Patient characteristics
Twenty-seven hospitalized patients with PCR-verified SARS-CoV-2 infection participated in the study. The median age of the covid patients was 66 years (range 48-90 years). There were 17 male (63%) and 10 female (37%) participants. The control group consisted of 6 male (50%) and 6 female (50%) healthy participants verified by PCR negative test for SARS-CoV-2. The median age of the covid patients was 33 years (range 25-58 years). Demographic and clinical characteristics of enrolled patients and healthy controls are summarized in Table 1†
COVID-19 is characterized by neutrophil hyperreactivity and high production of pro-inflammatory cytokines
Neutrophils from patients with COVID-19, compared to healthy subjects, were characterized by significantly higher expression intensity of neutrophil activation marker CD11b (mean fluorescence intensity (MFI) ± SD of 5448 ± 2071 and 3475 ± 1035, respectively; p< 0.01; Fig. 1A). The intensity of fluorescence and the percentage of neutrophils positive for granulocyte activation marker CD66b were also significantly increased in COVID-19 patients compared to controls (1257 ± 408 and 605 ± 115.7, respectively; p< 0.0001; Fig. 1B and median and interquartile range of 6.220 (4.6-10.3) respectively compared to 2.380 (1.83-3.98); p< 0.0001; Fig. 1C). Furthermore, we found that plasma levels of the pro-inflammatory cytokines, TNF-α, IL-6 and IL-8, – central cytokines in antiviral responses and cytokines that trigger a cytokine storm phenomenon – were significantly higher in patients with COVID-19 compared with the healthy donors (TNF, median and interquartile range of 1.545 (1.165-2.076) compared to 0.6383 (0.513-0.730); p< 0.0001; Fig. 2A; IL-6, median and interquartile range of 8.749 (3.79-21.79) compared to 0.4955 (0.01-0.819); p< 0.0001); Fig. 2b; IL-8, median and interquartile range of 20.19 (17.47-24.07) compared to 15.07 (13.62-16.30); p< 0.0001); Fig. 2C).
Neutrophils in COVID-19 patients show increased survival compared to neutrophils from healthy donors
Neutrophil populations detected in blood from COVID-19 patients showed significantly higher expression of CD47, compared to healthy donors, which is a molecular “don’t eat me” signal that inhibits phagocytosis of the expressing cell and prolongs survival (MFI ± SD of 2204 ± 631 and 1323 ± 231, respectively; p< 0.0001; Fig. 3A). On average, 32% (±13%) of neutrophils from COVID-19 patients showed CD47 compared to 25% (±15%) in healthy donors (p< 0.05; Fig. 3b). The expression of CD36, which is an “eat me” signal, was not significantly different between groups (Fig. 3CD).

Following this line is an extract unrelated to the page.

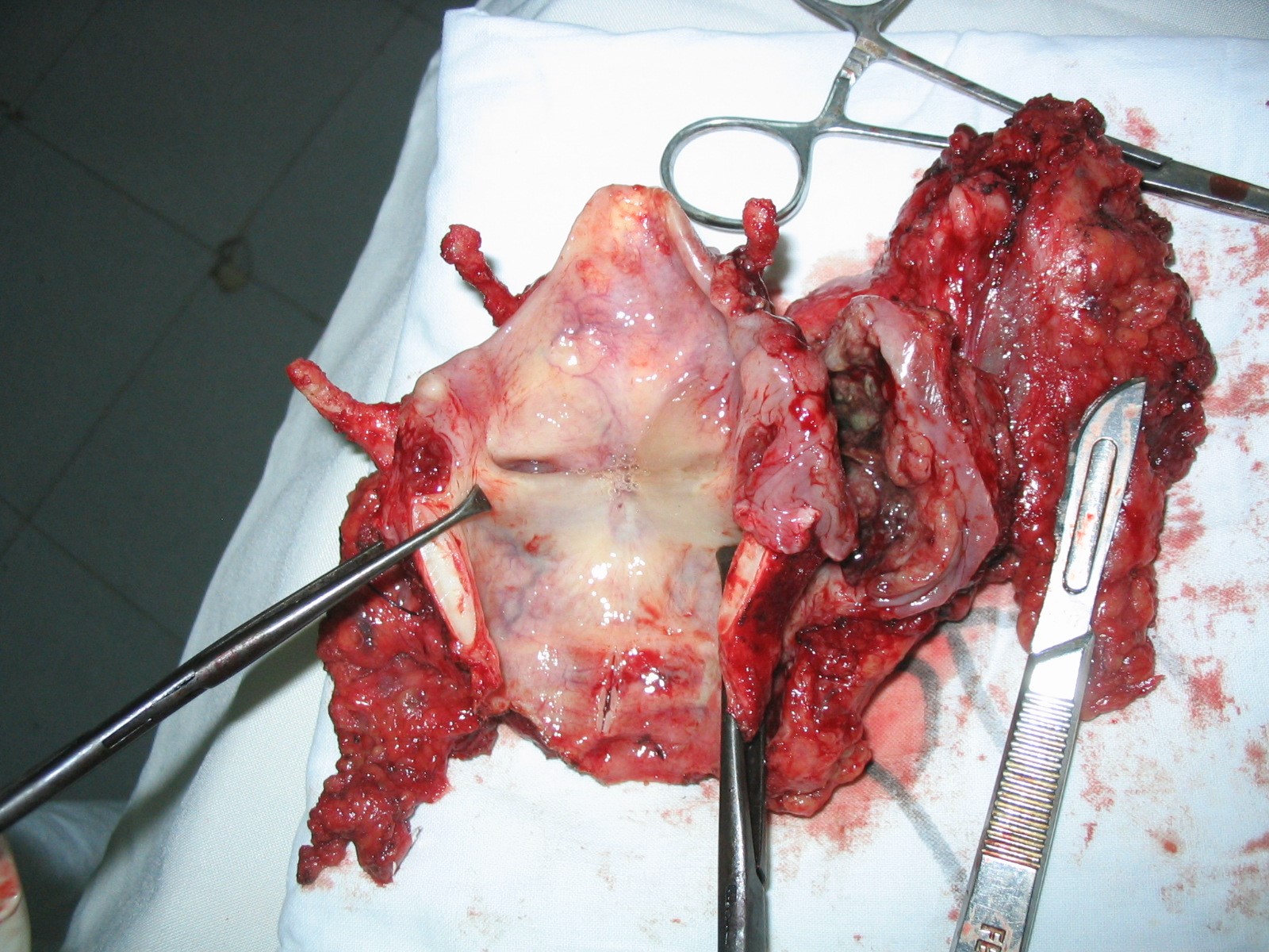 Trong trường hợp khối u tiến triển rộng, lan vào thanh quản, phải tiến hành cắt hạ họng kèm cắt bỏ thanh quản, bệnh nhân không còn nói được nữa; hoặc lan xuống thực quản, phải phẫu thuật cắt cả thực quản.

Low expression of CD49 on neutrophils in COVID-19 patients indicates increased migration to lung tissue
CD49† neutrophils accumulate in the lungs during viral infections12† Expression of CD49 is also increased on the surface of senescent neutrophils. COVID-19 patients had about 50% CD49† neutrophils in the blood in contrast to healthy controls, where more than 80% of the neutrophils in the blood expressed CD49 (49.3 ± 21.4 vs. 81.9 ± 14.6; p< 0.0001; Fig. 4A). MFI of CD49 on neutrophils was also lower compared to healthy controls. However, this finding did not reach statistical significance (p= 0.051, fig. 4b). Low expression of CD49 on neutrophils in the blood indicates that neutrophils highly migrate to peripheral tissues, including lungs, during SARS-CoV-2 infection, and that they are of young age.

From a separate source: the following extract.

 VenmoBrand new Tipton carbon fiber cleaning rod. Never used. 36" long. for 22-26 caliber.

COVID-19 patients have high levels of NET markers in their plasma
Consistent with previous research, plasma levels of circulating cell-free DNA (cf-DNA) and cell-free nucleosomes were significantly higher in patients with COVID-19 compared to healthy subjects (median (IQR) of 98.2 (88.7-120.3) ) vs. 78.9 (75.6-83.3); p< 0.0001 and 0.47 (0.29-0.95) vs. 0.16 (0.12-0.26); p< 0.0001; Fig. 5A–B). Expression of those markers indicates formation of NETs in the blood of affected patients.

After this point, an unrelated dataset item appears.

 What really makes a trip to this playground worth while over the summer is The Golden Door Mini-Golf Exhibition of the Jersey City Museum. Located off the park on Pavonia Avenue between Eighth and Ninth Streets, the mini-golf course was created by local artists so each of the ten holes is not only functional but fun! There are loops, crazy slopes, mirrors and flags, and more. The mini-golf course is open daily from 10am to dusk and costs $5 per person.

High-dimensional cluster analysis reveals neutrophil clusters characterized by prolonged hyperreactivity
To extend the findings, we processed data as described in the Methods section and mapped the neutrophil populations on t‐SNE composite plots, which revealed clear localizations of neutrophil populations in COVID-19 patients and healthy controls. Phenograph analysis revealed 17 unique clusters in t‐SNE space. The detailed characterization of clusters is attached as Supplementary Table 1† figure 6 shows the distribution and localization of neutrophils in all study participants (Fig. 6A), COVID-19 patients only (Fig. 6B) and healthy controls only (Fig. 6C).
t‐SNE plots generated after data concatenation with hierarchical clustering of expression intensity (z-score) for each of the indicated markers in each cluster inferred using Phenograph. †A) Overview of all 17 clusters delineated within concatenated data for all analyzed samples. †B) Phenograph-derived cluster pattern in healthy individuals. †C) Phenograph-derived cluster pattern in COVID-19 patients. COVID-19-associated neutrophils were mainly located in clusters 1, 3, 5, 7, 10-12, 14 and 16. Neutrophils from healthy controls were grouped in clusters 2, 4, 6, 8, 9, 13, 15 and 17 .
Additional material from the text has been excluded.